* **Work required**
No pictures go in the copy. Restate, word for word, each line from the one containing "パンジー・ポピー・ミモザの華" through the last line below.

[Collection entries]
- - - - - - -
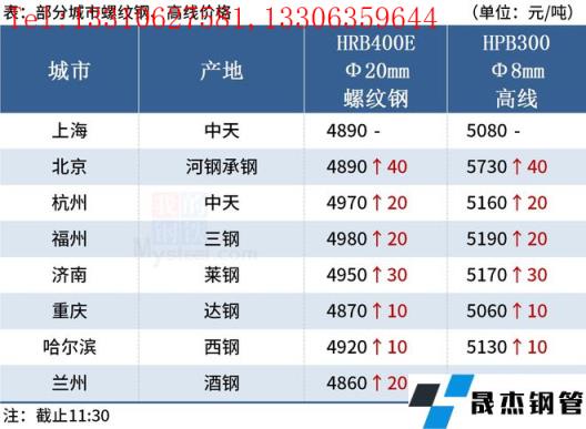 ◎福州:3日早盤建材市場價格漲20,現線三鋼5190三寶5170,螺三鋼4980三寶4960大東海4960吳鐵4950,盤三鋼5260三寶5240。(單位:元/噸)
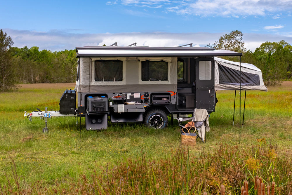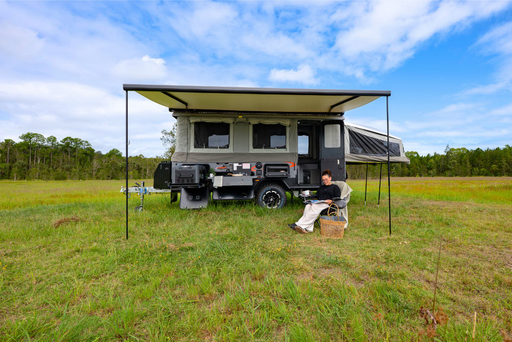 Equipped with a heavy-duty off-road dual-wheel swing-away jockey wheel, rated at 750kg, this set-up ensures effortless maneuverability and rock-solid stability when setting up camp
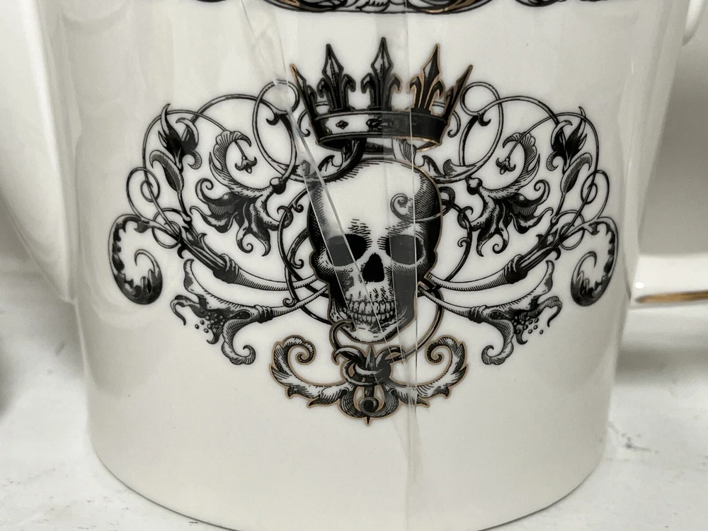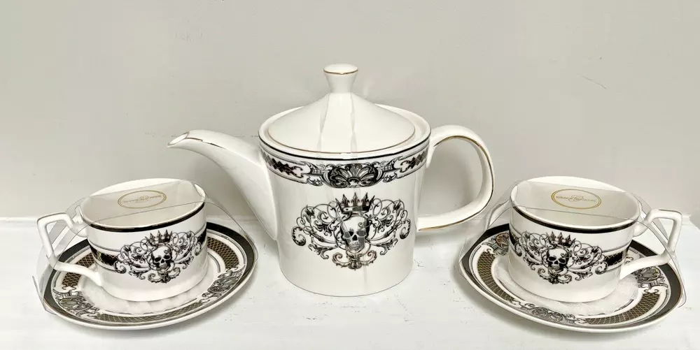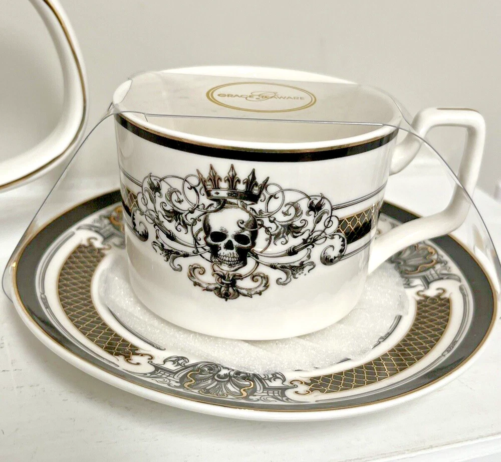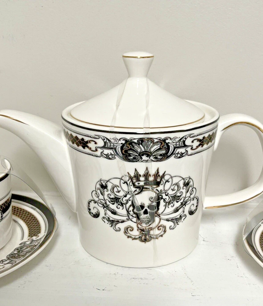 This Grace Teaware custom bundle includes a teapot with lid, two matching teacups, and saucers. The set features a Gothic style with a skull pattern and gold accents. The teapot stands at approximately 6.5 inches tall and has one compartment. The set is perfect for Halloween or any multipurpose occasion. The porcelain material and glossy finish make this set a great addition to any collection. The set is hand wash only and comes unboxed. The Grace Teaware brand is original and not a licensed reproduction. This tea set is a must-have for any Gothic themed collector or tea lover. Be sure to look at my other listings for more pieces that match this Halloween pattern.
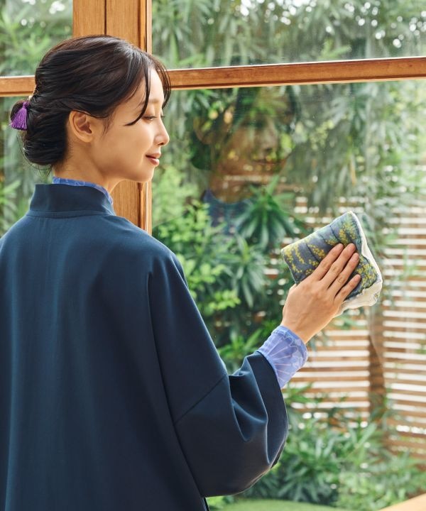 パンジー・ポピー・ミモザの華やかな花々を和モダンに描いた綿ふきん。目を引く色合いとデザインで、毎日のキッチンまわりを明るく彩ります。贈り物にもおすすめです。
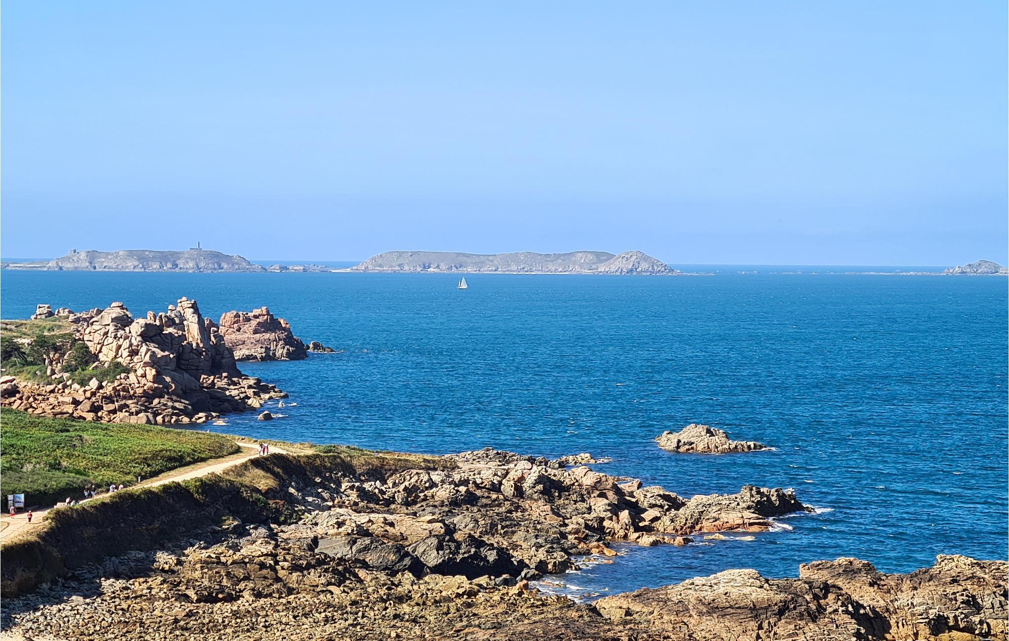 Nur einen Katzensprung von der Stadtmitte entfernt empfängt Sie dieses wunderschöne Haus in den Anhöhen von Perros-Guirec, einem großen Badeort mit Kasino, Thalassotherapiezentrum und Segelschule. Der Große geschlossene Garten überschaut den Hafen. Eine Mischung aus antiken Möbelstücken und modernen Elementen sorgt für ein gemütliches Wohnambiente. Über das Wohnzimmer gelangt man auf die Terrasse mit einem außergewöhnlichen Panoramablick auf die Bucht. Das Objekt befindet sich auf halber Strecke zwischen den beiden weitläufigen Stränden Trestraou und Trestignel, die beide in der Hauptsaison überwacht werden und mit Kinderspielgeräten ausgestattet sind. Eine Vielzahl kleiner Felsenbuchten ist leicht erreichbar, vor allem Les Arcades in der Nähe vom Hafen. Zu den empfehlenswerten Ausflugszielen in der Umgebung zählen die Inselgruppe Sept Îles, Ploumanac'h mit seinem herrlichen Wanderweg und den bizarren Felsformationen am Strand Saint-Guirec, Trégastel, das mit einem Aquarium, einem Golfplatz und einem beheizbaren Meerwasserpool aufwartet, sowie Pleumeur-Bodou mit seiner Radaranlage und einem Freizeit- und Erlebniszentrum.
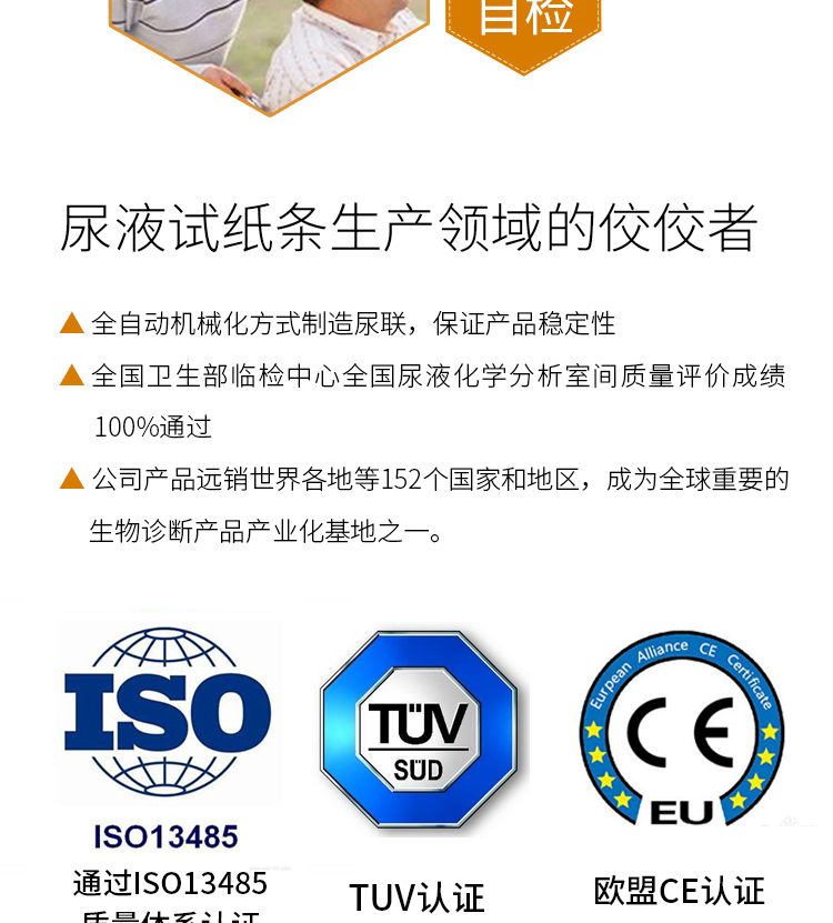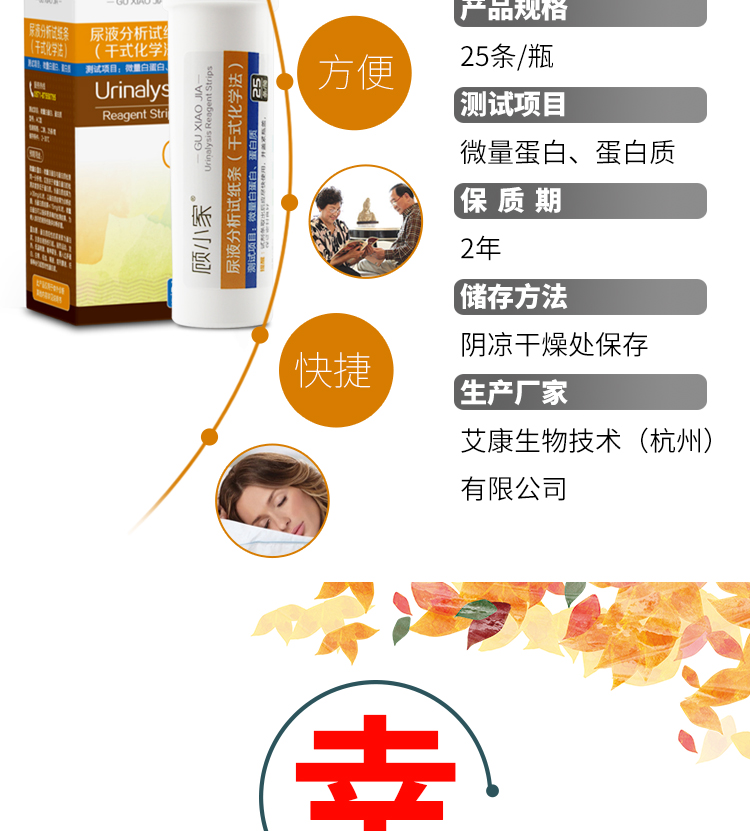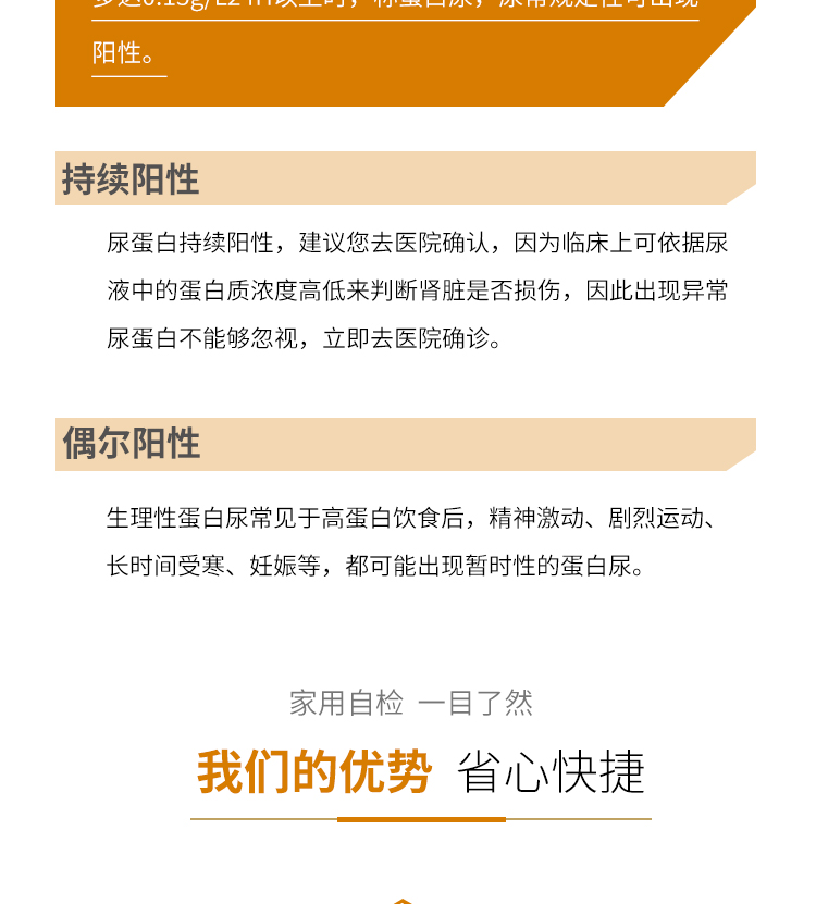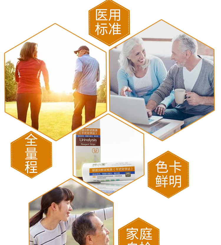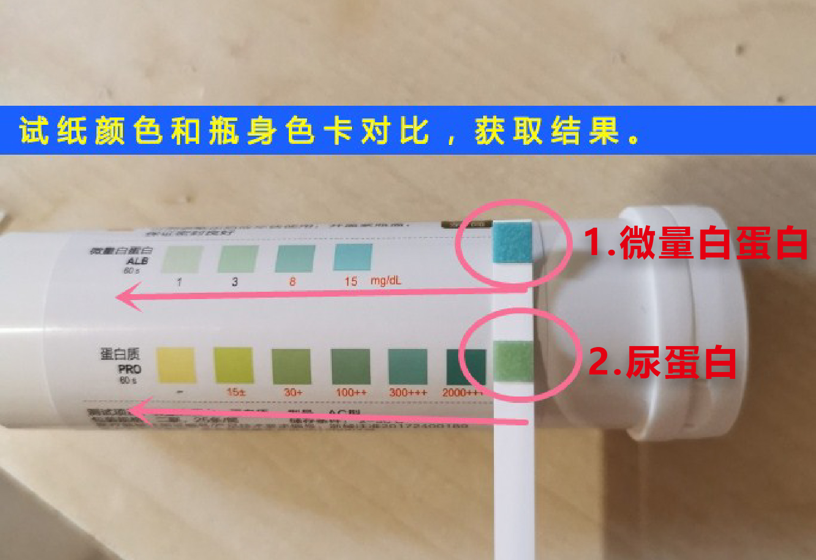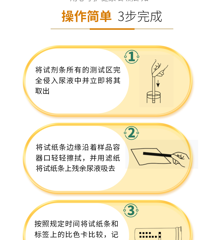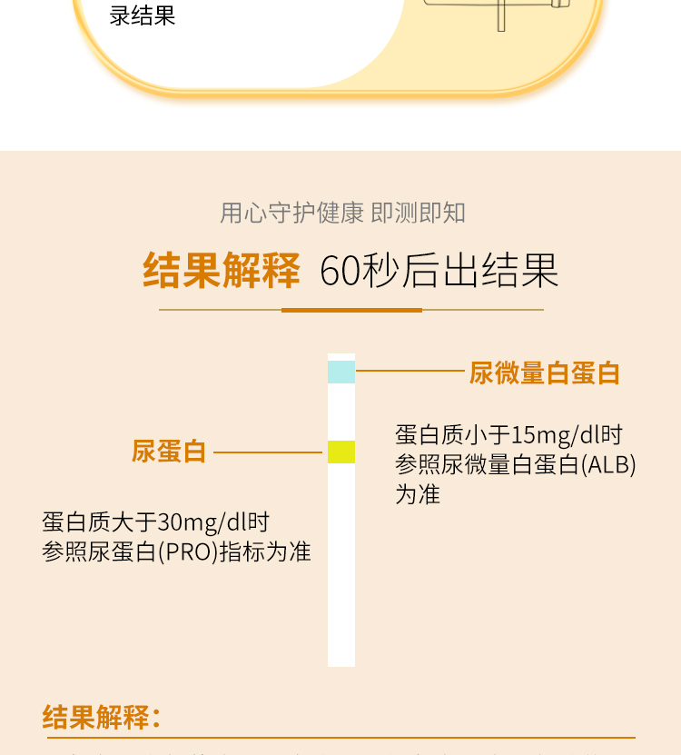 使用说明:1,试纸放入尿液样本中1~2秒取出, 2、用纸巾吸走多余尿液,3、等待60秒后与瓶身色卡对比,读取数值.
- - - - - - -
* **Reply**
 パンジー・ポピー・ミモザの華やかな花々を和モダンに描いた綿ふきん。目を引く色合いとデザインで、毎日のキッチンまわりを明るく彩ります。贈り物にもおすすめです。
 Nur einen Katzensprung von der Stadtmitte entfernt empfängt Sie dieses wunderschöne Haus in den Anhöhen von Perros-Guirec, einem großen Badeort mit Kasino, Thalassotherapiezentrum und Segelschule. Der Große geschlossene Garten überschaut den Hafen. Eine Mischung aus antiken Möbelstücken und modernen Elementen sorgt für ein gemütliches Wohnambiente. Über das Wohnzimmer gelangt man auf die Terrasse mit einem außergewöhnlichen Panoramablick auf die Bucht. Das Objekt befindet sich auf halber Strecke zwischen den beiden weitläufigen Stränden Trestraou und Trestignel, die beide in der Hauptsaison überwacht werden und mit Kinderspielgeräten ausgestattet sind. Eine Vielzahl kleiner Felsenbuchten ist leicht erreichbar, vor allem Les Arcades in der Nähe vom Hafen. Zu den empfehlenswerten Ausflugszielen in der Umgebung zählen die Inselgruppe Sept Îles, Ploumanac'h mit seinem herrlichen Wanderweg und den bizarren Felsformationen am Strand Saint-Guirec, Trégastel, das mit einem Aquarium, einem Golfplatz und einem beheizbaren Meerwasserpool aufwartet, sowie Pleumeur-Bodou mit seiner Radaranlage und einem Freizeit- und Erlebniszentrum.
 使用说明:1,试纸放入尿液样本中1~2秒取出, 2、用纸巾吸走多余尿液,3、等待60秒后与瓶身色卡对比,读取数值.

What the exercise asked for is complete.